Case Reports in Neurological Medicine

Case Reports in Neurological Medicine / 2018 / Article

Case Report | Open Access

Volume 2018 |Article ID 5802650 |

Sean Lance, Stuart Mossman, Gemma Poke, "A Novel CACNA1A Nonsense Variant [c.4054C>T (p.Arg)] Causing Episodic Ataxia Type 2", Case Reports in Neurological Medicine, vol. 2018, Article ID 5802650, 3 pages, 2018.

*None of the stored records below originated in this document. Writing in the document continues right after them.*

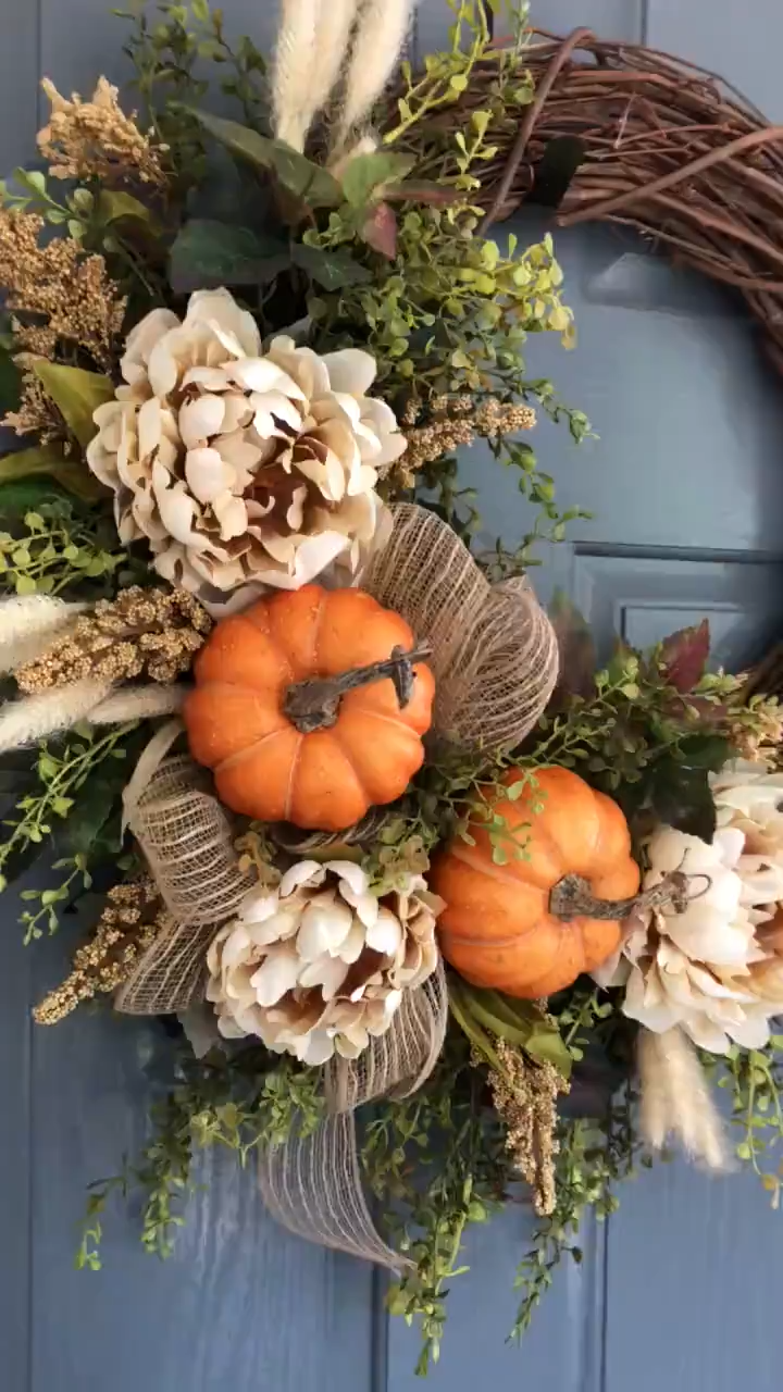 • Handmade with premium artificial fall leaves, artificial orange pumpkins, peonies, and berries
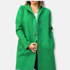 Women's Coat – Wool Mix – Relaxed Fit – Hood – Snap Button Closure – Mid-Thigh Length
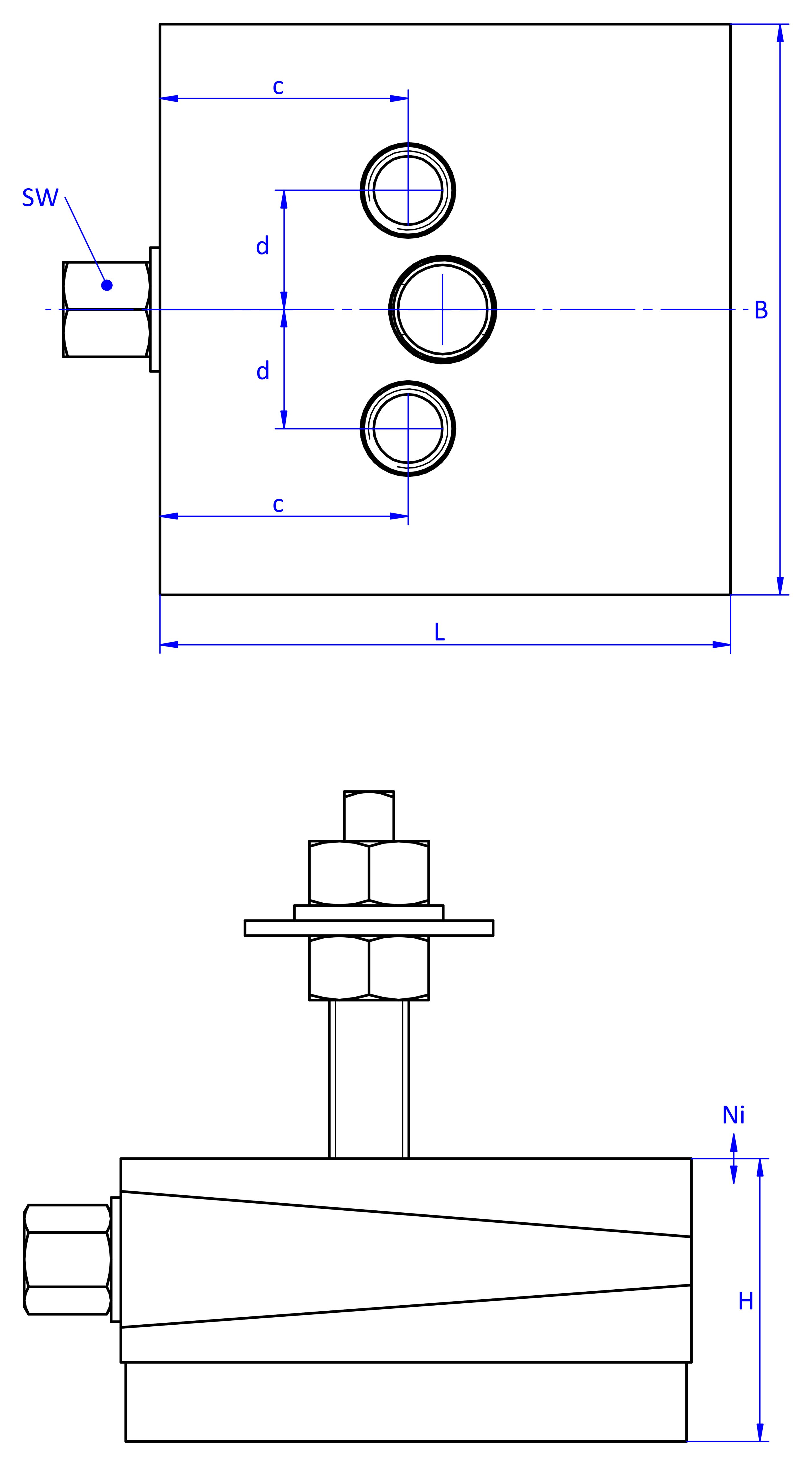 typearticle numberload (daN)L (mm)B (mm)H (mm)Ni (mm)SW (a/i)c (mm)d (mm)thread (bolt-on bottom)mass (kg)
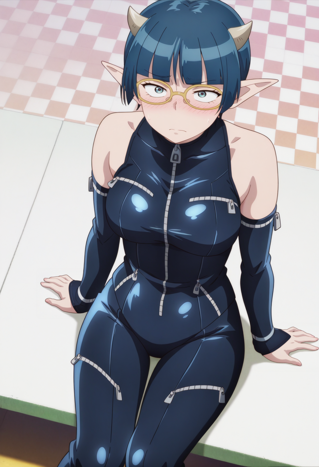 zenia, blue hair, short hair, blunt bangs, horns, pointy ears, blue eyes,
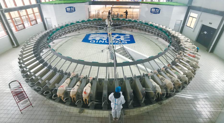 1月8日,在陜西秦龍良種奶山羊5G智慧產(chǎn)業(yè)園內(nèi),工作人員正在使用設備給奶山羊擠奶。

A Novel CACNA1A Nonsense Variant [c.4054C>T (p.Arg)] Causing Episodic Ataxia Type 2

Academic Editor: Majaz Moonis
Received22 Dec 2017
Accepted11 Feb 2018
Published11 Mar 2018


Episodic ataxia is a heterogenous group of uncommon neurological disorders characterised by recurrent episodes of vertigo, dysarthria, and ataxia for which a variety of different genetic variations have been implicated. Episodic ataxia type two (EA2) is the most common and also has the largest number of identified causative genetic variants. Treatment with acetazolamide is effective in improving symptoms, so accurate diagnosis is essential. However, a large proportion of patients with EA2 have negative genetic testing. We present a patient with a typical history of EA2 who had a novel variant in the CACNA1A gene not previously described. Report of such variations is important in learning more about the disease and improving diagnostic yield for the patient.

1. Case Report

We describe the case of a 47-year-old male who presented to neurology clinic with recurrent episodes of acute vertigo and unsteadiness, associated with severe nausea and vomiting. The symptoms of vertigo and ataxia typically lasted 1–3 hours, with persistent nausea often for the following 24 hours. He was having several episodes per week, with the observation by himself that they were more likely to occur in warmer weather and on exertion, with an improvement in symptoms when attempting to cool himself.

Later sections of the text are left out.